Bug in Half - Precision Floating Point Object
My post on May 8Was about half - "precision" and "quarter - precision" arithmetic. I also added code for objectsfp16和fp8The toCleve ''s。前几天我听到从皮埃尔·布兰查德和我的好朋友尼克·海厄姆在曼彻斯特大学的一个严重的错误在这些对象的构造函数。
Contents
The Bug
让
格式longE = eps (fp16 (1))
e = 9.765625000000000 e-04
的价值eis
1/1024
E-04 ans = 9.765625000000000
This is the relative precision of half - precision floating point Numbers, which is the spacing of half - precision Numbers in the interval between 1 and 2. So in binary the next number 1 is after
Disp (binary (1 + e))
0, 01111, 0000000001
And the last number 2 is before
disp(二进制(双电子))
0, 01111, 1111111111
The three fields displayed are The sign, which is one bit, The exponent, which has five bits and The fraction, which has ten bits.
So far, So good. The bug shows up when I try to convert any number between双电子和2To half - precision. There aren 't any more half - precision Numbers between those limits. The values in The lower half of The interval should round down to双电子And the values in the upper half should round up to2. The round - to - even convention says that The midpoint,2 - e / 2,应该2。
但我不小心我怎么舍入。我只是使用了MATLAB轮函数,它不遵循round-to-even公约。更糟的是,我没有检查分数围捕到指数。我试图尽在一个声明中。
dbtypeoldfp1648:49
U = 48 bitxor (uint16 (round (1024 * f)),...49 bitshift (uint16 (e + 15), 10));
For values between2 - e / 2和2, theRound (1024 * f)is1024, which requires 7-eleven's bits. ThebitxorThen clobbers the exponent field. I won 't show the result here. If you have the May half - precision object on your machine, it a boost.

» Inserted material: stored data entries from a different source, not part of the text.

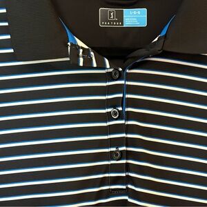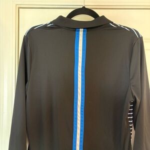 PGA Tour Women’s Black with Blue and White Stripes Long Sleeve Polo Shirt
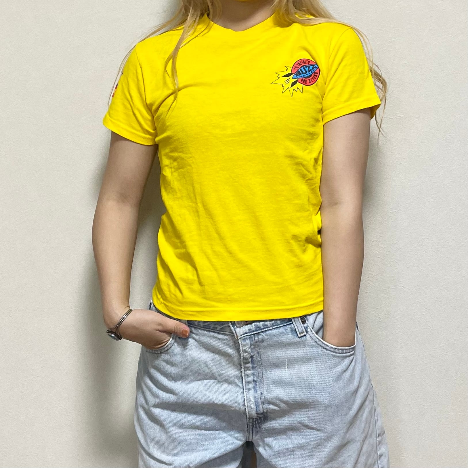 90's USA製 PIXAR TOY STORY BUZZ LIGHTYEAR Tシャツ 古着 イエロー 黄色 トイストーリー バズ レディース S
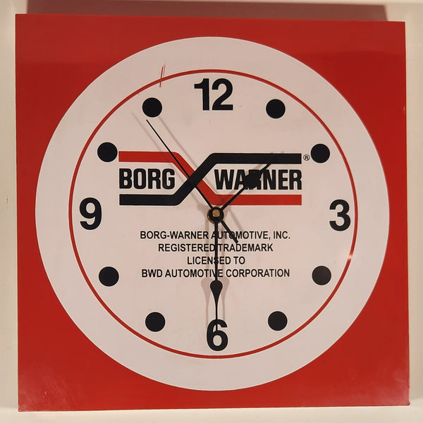 BWD Automotive Corporation Borg-Warner Automotive Red White Black 12 1/4" x 12 1/4" Plastic Advertising Wall Clock
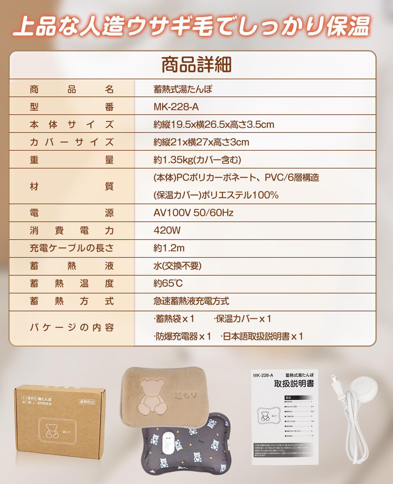 特徴 ①4~12H長時間保温 ②約8-12分急速充電 ③省エネ ④過熱防止機能 ⑤防爆充電器 ⑥人造ウサギ毛の保温カバー洗濯OK ⑦27x21cm
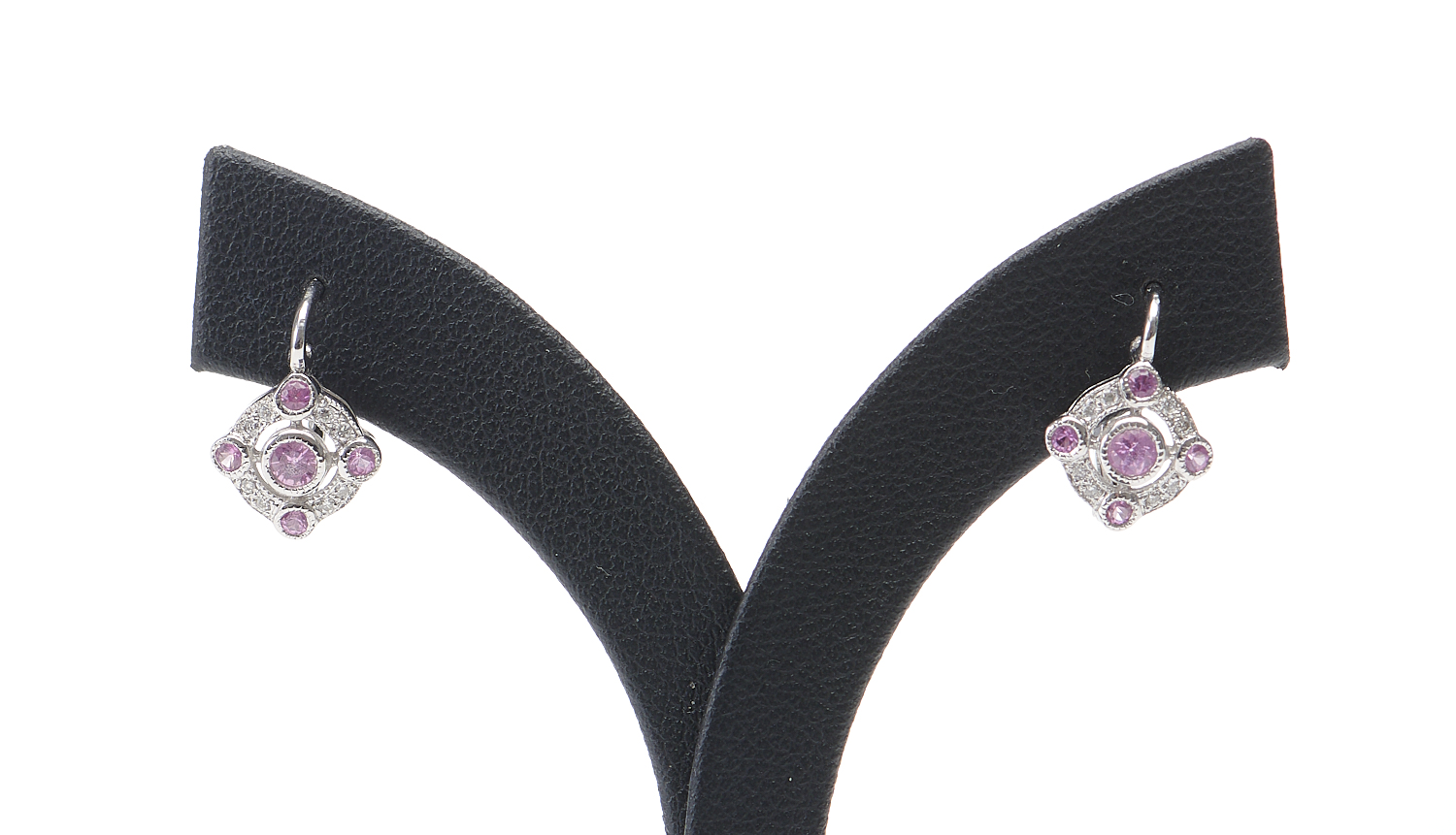A PAIR OF PINK SAPPHIRE AND DIAMOND EARRINGS, TO CONTINENTAL FITTINGS, IN 9CT WHITE GOLD, 1.6GMS
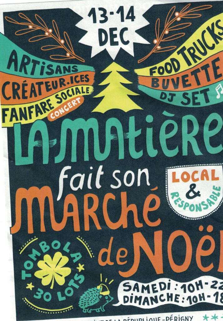 La Rochelle Perigny. Quatrième édition du Marché de Noël local et responsable de La Matière, structure pionnière de ces sujets, sur leur tiers-lieu de Périgny au 8 rond-point de la République.
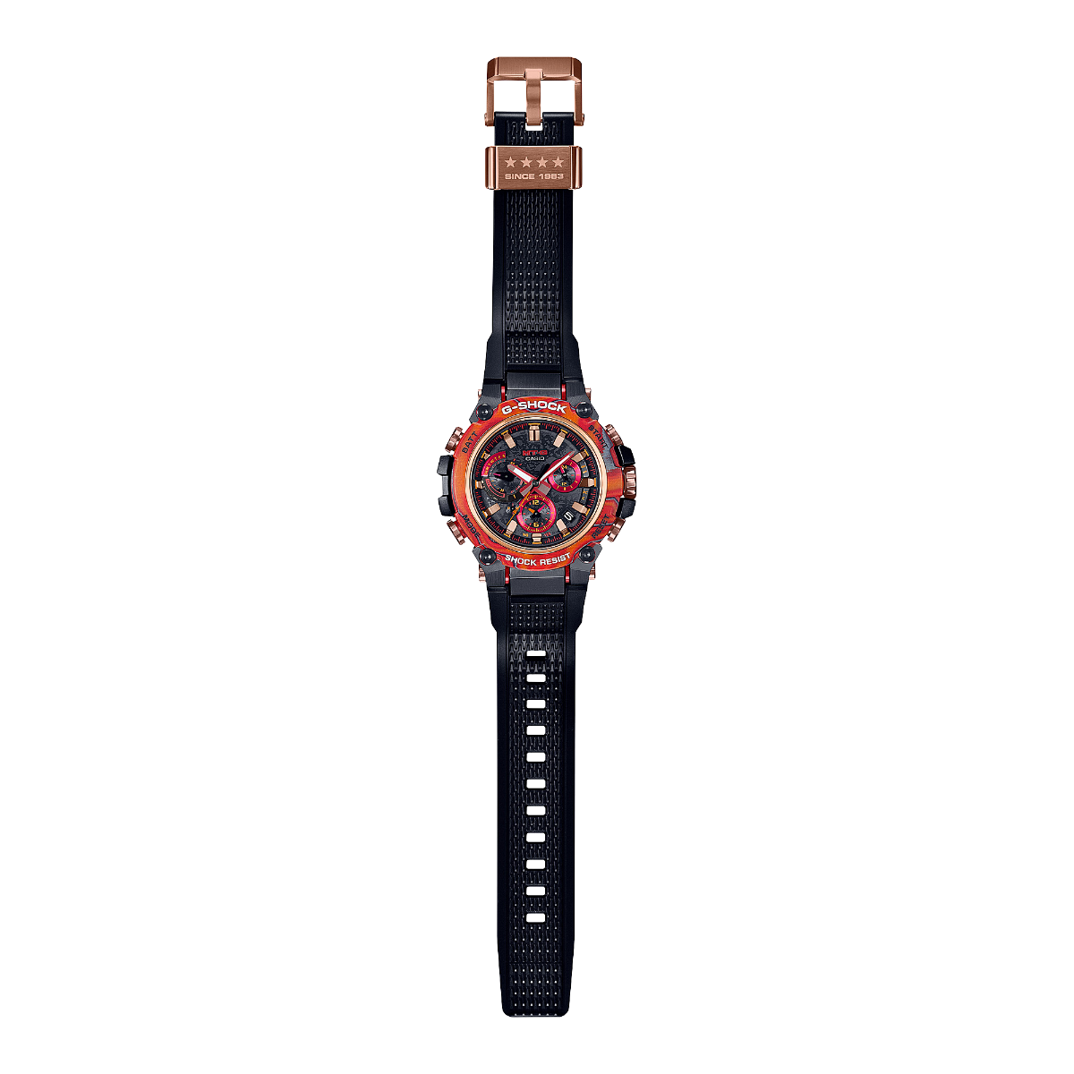 Wir stellen vor: Die 40th Anniversary G-SHOCK Flare Red Modelle – Zwei limitierte Zeitmesser in feurigem Rot anlässlich des 40. Geburtstags der ersten G-SHOCK, die 1983 auf den Markt gebracht wurde. Inspiriert von der Intensität einer Sonneneruption: Die Modelle MTG-B3000FR und GWG-2000FR sind in den für G-SHOCK charakteristischen Farben Schwarz und Rot gehalten und verfügen über die neuesten Technologien von Casio. Eine mehrfarbige Lünette mit Karbon-Einsatz, die aus Schichten von Karbon- und Glasfaserplatten mit phosphoreszierenden Partikeln besteht, erinnert an die explosive Kraft der Sonne und sorgt für ein außergewöhnliches Design, das im Dunkeln leuchtet. Die Lünetten Komponenten mit individuellen und einzigartigen Mustern – keines wiederholt sich – ergeben unvergleichliche, leichte und doch robuste Uhren. Das Lünetten Design der GWG-2000 besteht sogar aus geschmiedeten Karbonfasern mit phosphoreszierenden Partikeln und passt somit perfekt zu der Lünette mit den im Dunkeln leuchtenden Sonneneruptionsmustern. Beide Modelle verfügen neben der besonderen Lünette über ein von Eric Haze für das 40. Jubiläum von G-SHOCK entworfenes Logo, das auf der Gehäuserückseite eingraviert ist. Zudem sind vier Sterne auf der Armbandschlaufe eingraviert, die für 40 Jahre stehen. Diese wunderschönen, einzigartigen und eindrucksvollen Zeitmesser sind ideal, um das 40. Jubiläumsjahr von G-SHOCK zu starten.
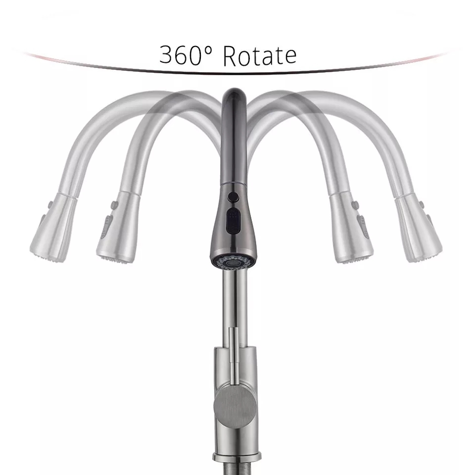 Смесител за кухня с изтегляща се лебедка в цвят Инокс, модерното и практично решение за всеки дом. Смесителят може да бъде съчетан кухненски дозатор за вграждане в цвят Инокс, дръжки със съшият цвят и/или кухненски уреди за вграждане в цвят Инокс.
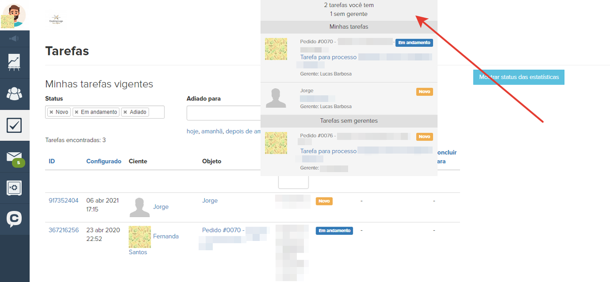 Ao clicar nesta barra, o gerente poderá visualizar suas tarefas com a informação do prazo de realização. As tarefas atrasadas serão exibidas no topo da lista. Quando um gerente clica em uma tarefa, ele é levado ao cartão do objeto (por exemplo, se uma tarefa for solicitada, o próprio pedido será aberto quando clicado).
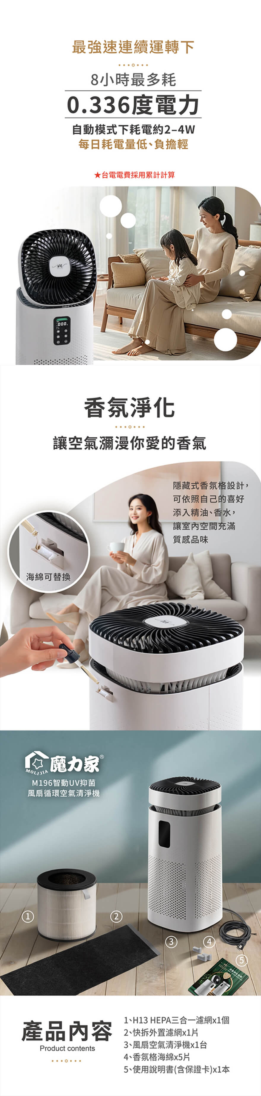 產品型號:BY010096產品名稱:【MOLIJIA 魔力家】M196 風扇循環空氣清淨機產品顏色: 雲岩白產品主體尺寸:25.3 x 25.3 x 52.1cm(含風扇立起 65cm)產品重量:4.7 Kg ±5%(含濾網)額定電壓/頻率:AC 110V / 60Hz額定功率:42W待機功率:1.00W電源線長度:215 cm ±5%能源效率:0.126cmm/W能效等級:三級能效檢測:本產品主機在TURBO模式+風扇2檔的情況下為最高風量輸出。_________________________________過濾檔位模式:自動模式 / 低功耗模式 / 睡眠模式 / 弱檔L / 強檔H / 超強檔 T清淨模式風速:超強檔 T(3.9m/s) ★數據為風力單位,非送風距離過濾馬達等級:BLDC 無刷直流DC24V / 2300RPM ±10%潔淨空氣流量(CADR) : 300 m3/h適用清淨空間:約10坪 (每小時可循環淨化3次)# CADR值為每小時可輸出的空氣流量,僅是用來衡量清淨機效能的指標之一,不能作為評估清淨力的唯一標準。_________________________________風扇運轉檔位:5檔 (可單獨關閉)風扇尺寸: 8吋 = 19cm風扇模式風速:5檔(3.0~4.0m/s) ★數據為風力單位,非送風距離風扇馬達:BLDC 無刷直流24V / 1900RPM±10%、風扇上下手動調整:平放朝上~ 90度 (多角度調整)主機左右自動擺動:停 ~ 60度 ~ 90度_________________________________UV抑菌燈:UVC(用於機體內部抑菌設計)風噪音量:使用T超強檔 <65dB<br>定時關機:0~24小時定時排程:可排定一週7天固定開啟、關閉,APP可設定多段式不同開機、關機時間其他功能:童鎖、UV燈開關、精油薰香格、Wifi聯網,手機APP操作、粉塵自動感測濾網清潔/更換提醒:2000 H/小時製造產地:中國商檢字號:R53615NCC 型式認證號碼:CCAF24Y10220T8【配件規格】產品名稱:三合一複合HEPA濾網產品規格:HEPA H13等級產品尺寸:外徑20.5cm(內徑13.5cm) x 19.6cm產品重量:350g±5%濾網組成:圓筒型三層複合過濾 ( 空調PET濾網 + HEPA 濾網(熔噴布)+ 活性碳過濾棉)製造產品:中國產品名稱:快拆水洗式 外置濾網產品材質:PET 100%產品尺寸:67.5*17.8*0.1 cm製造產地:中國★水洗後縮水率約3%

This doesn 't just happen for values a little bit less than 2, and it happens close to any power of 2.
The Fix
We need a round - to - on - even the proper function.
dbtypefp1631
31 rndevn = @ (s) round (s - (rem (s, 2) = = 0.5));
Then don 't try to do it all at once.
dbtypefp1650:56
51 50%正常t = uint16 (rndevn (1024 * f));52如果t = = 1024 53 t = uint16 (0);54 e = e + 1;55岁结束56 u = bitxor (t, bitshift (uint16 (e + 15), 10));
It turns out that the branch for denormals is OK, once轮Is replaced byrndeven. The exponent for denormals is all zeros, so when The fraction encroaches it produces The correct result.
A similar fix is required for the quarter - precision constructor,fp8。
Cleve ''s
我更新代码MATLAB中央文件交换. Only@ fp16 / fp16和@fp8 fp8 /Are affected. (difference me what days to complete the update process.)
谢谢
感谢皮埃尔和尼克。
- Category:
- Numerical Analysis,
- Precision
comments
To comment, please clickhereLog in to your MathWorks account or create a new account.